Allah devlete millete zeval vermeye diyor kendisine mikrofon uzatan sessiz kalabalık.
* * *
BAŞBAKAN yardımcısıyken "Uğur Mumcu'nun katillerini bulmak bizim için namus meselesidir" diyen iyi niyetli Erdal abicim şimdi evde oturuyor.
Ama devlet görevinin başında.
Ben de ilk seçimlerde gene sandık önünde... Tarihi önemli değil, maksat yeşillik olsun.
- Bir şiir okudum hayatım kaydı. Bir daha şiir okunmayacak.
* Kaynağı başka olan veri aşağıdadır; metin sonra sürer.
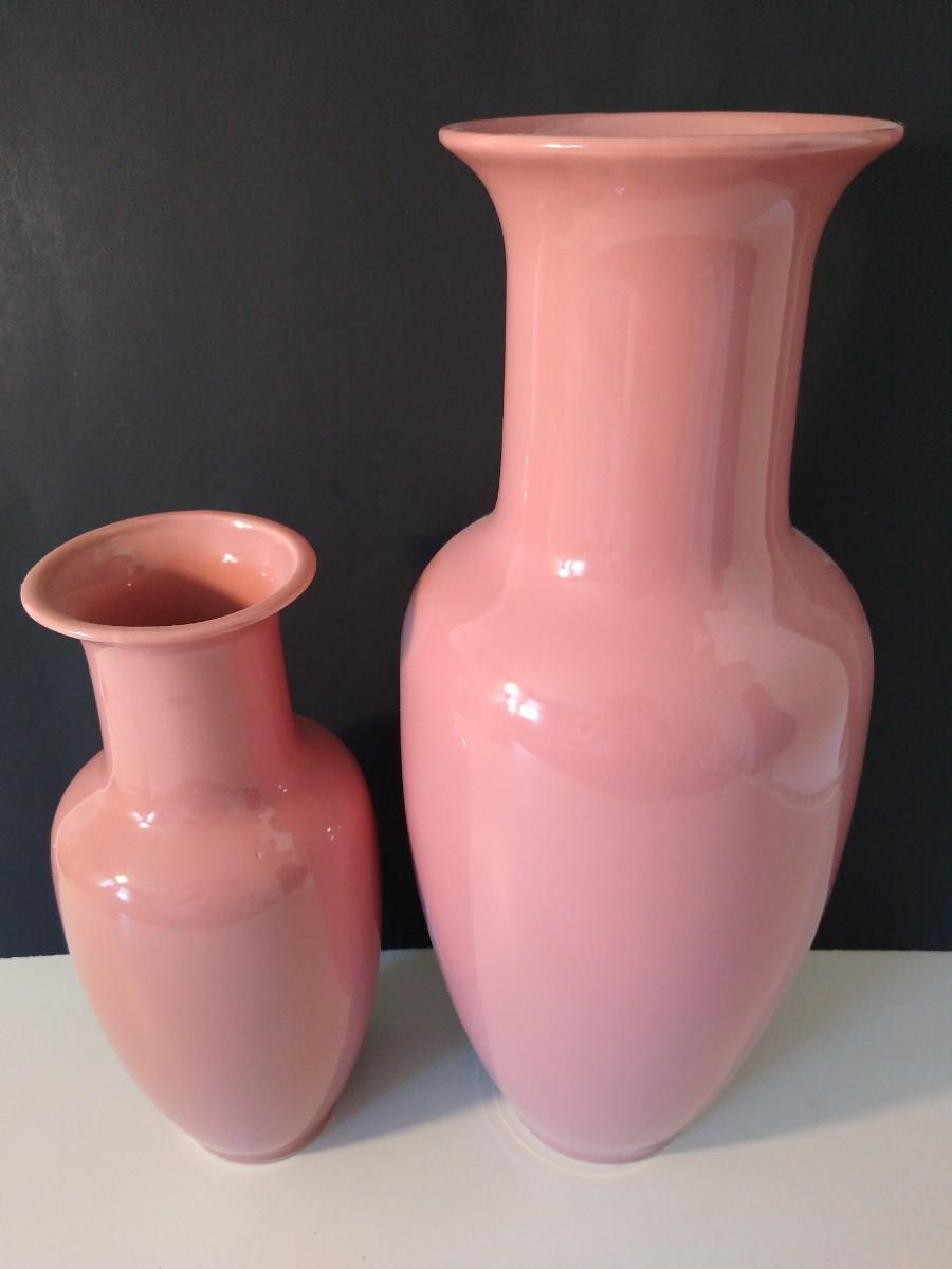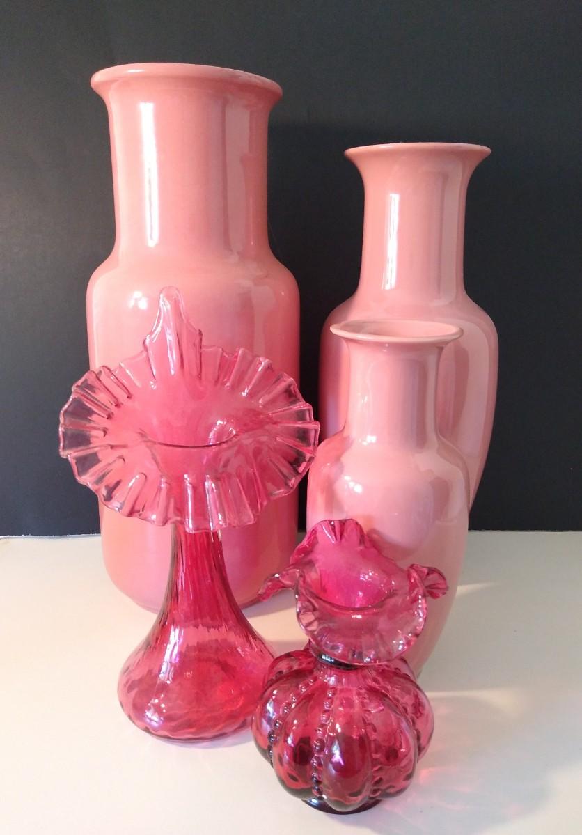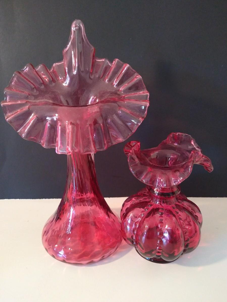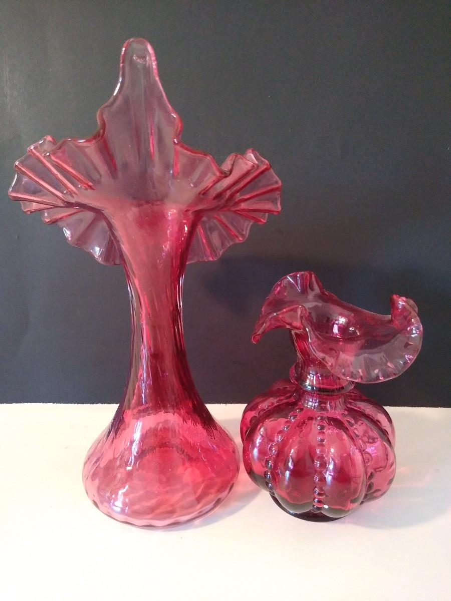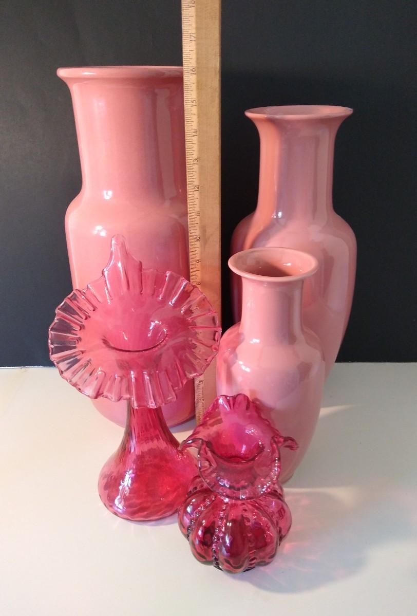 LOT 31P: Vintage Fenton Cranberry Glass Jack-in-the-Pulpit Vase, Ruffled Vase, Pink Schleurich Keramilk Ceramic Vase & More

Kaside okunacak, ilahi okunacak.
- Beni mahkum ederlerse DGM'nin suyu kesilecek. Önündeki caddede sürekli olarak şebeke onarımı yapılacak.
- Çocuklar da uyarılacak. Okullarda yapılan 29 Ekim Cumhuriyet Bayramı törenlerinde şiir okurken dikkatli olsunlar.
- Fazilet'in başına geçecek herkesin başına konuştukları dert olabilir. Sağır ve dilsiz bir genel başkan adayı bulunacak.